Davide Martorana, PhD

Study:  Exome Sequencing in EGPA Patients
Institution:  Diagnostic Department, Medical Genetics Unit, University Hospital of Parma, Parma, Italy
Award:  $48,000, two-year study

Summary:  Eosinophilic granulomatosis with polyangiitis (EGPA) is a multisystem disorder, belonging to the small vessel anti-neutrophil cytoplasmic antibody (ANCA)-associated vasculitides (AAVs).  EGPA is defined as an eosinophil-rich and granulomatous inflammation often involving the respiratory tract, and necrotizing vasculitis predominantly affecting small to medium-sized vessels, associated with asthma and eosinophilia.

EGPA incidence is of 0.5–6.8 new cases/year per million populations, whereas its prevalence is 10.7–13 cases per million populations. The disease mostly affects subjects between 40 and 60 years old and the mean age at diagnosis is 48 years.

EGPA pathogenesis is not well known.  The disease is probably the result of a complex interaction in which genetically and environmental factors lead to an inflammatory response whose principal players are eosinophils, T, and B lymphocytes.

The Whole Exome Sequencing (WES) test is a highly complex test that is newly developed for the identification of changes in a patient’s DNA that are causative or related to their medical concerns.

The exome refers to the portion of the human genome that contains functionally important sequences of DNA that direct the body to make proteins essential for the body to function properly.  These regions of DNA are referred to as exons.  It is known that most of the errors that occur in DNA sequences that then lead to genetic disorders are located in the exons.  Therefore the WES test is thought to be an efficient method of analyzing a patient’s DNA to discover the genetic cause of diseases or disabilities.
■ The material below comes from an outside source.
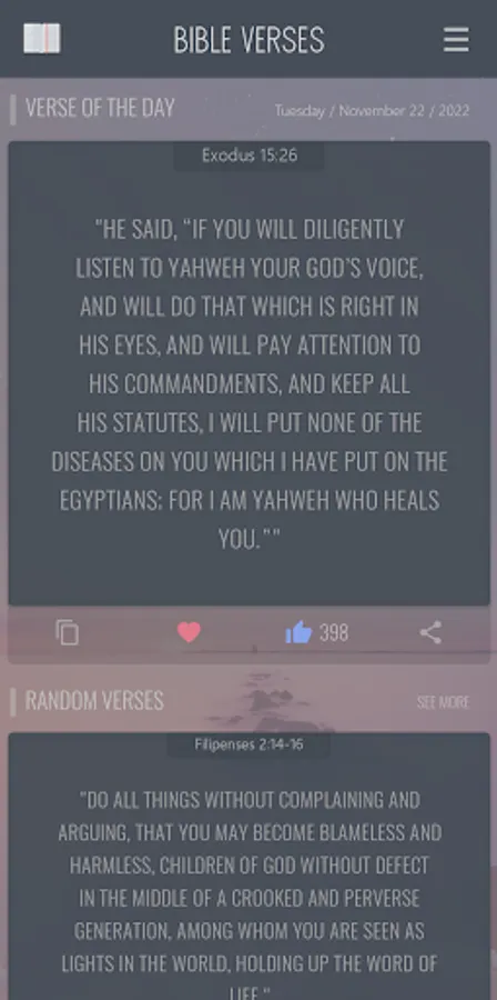 Download Verse of the Day and start receiving verses and passages from the Bible every day, with the possibility of sharing on your social networks. For free and without internet connection.

In contrast to current sequencing tests that analyze one gene or small groups of related genes at a time, the WES test will analyze the exons or coding regions of thousands of genes simultaneously using next-generation sequencing techniques.


Specific aims of this study will be to develop newer potential EGPA diagnostic and prognostic biomarkers by exome sequencing and computational modeling, clinical subset stratification of EGPA patients on the basis of the genetic study and to ascertain the diagnostic-prognostic role of the whole findings.

The ultimate goal is the development of personalized medicine, in order to find rational means to optimize drug therapy, with respect to the patients’ genotype, to ensure maximum efficacy with minimal adverse effects and saving costs for the health system.